Golda Meir. Rebuked Europeans and confronted Americans during the 'good years' (Photo: Moshe Milner, GPO) (Photo: GPO)
Golda Meir. Rebuked Europeans and confronted Americans during the 'good years' (Photo: Moshe Milner, GPO)

 

One person warned of the coming disaster: His name was Aryeh (Lova) Eliav. On the eve of the war, he wrote a short story called “the seagull”, in which a ship captain and his mates were drunk on their wine of glory, stunned by their grandeur, and sure of themselves and their status. The navigator on that ship couldn’t see past it’s bow. They were going to crash on the rocks.
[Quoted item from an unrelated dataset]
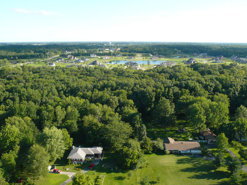 The two pictures below show the converted Draganflyer and a camera shot made with it from 200 feet using a custom camera mount discussed here:

In the story, a lone seagull, flying above, could see what was about to happen. Eliav urged the country’s captains to sober up, raise their sails, change direction, and let the wind carry Israel to safety.

 

Golda and Netanyahu are fundamentally different people. If there’s any resemblance, it manifests in two small ways: The fear of any change to the status quo, and the sin of pride. Those two similarities led Golda to that disastrous October war. Where they’ll lead Netanyahu, I don’t know. After the Yom Kippur War was over, Eliav, that wonderful man, went from town to town, meeting to meeting, and presented people with his seagull proverb. They kept their ears shut: No one wanted to hear how foolish, ignorantly euphoric, and arrogant they were. They didn’t want to hear it before disaster struck, and didn’t want to hear it after. There’s a lesson in that as well.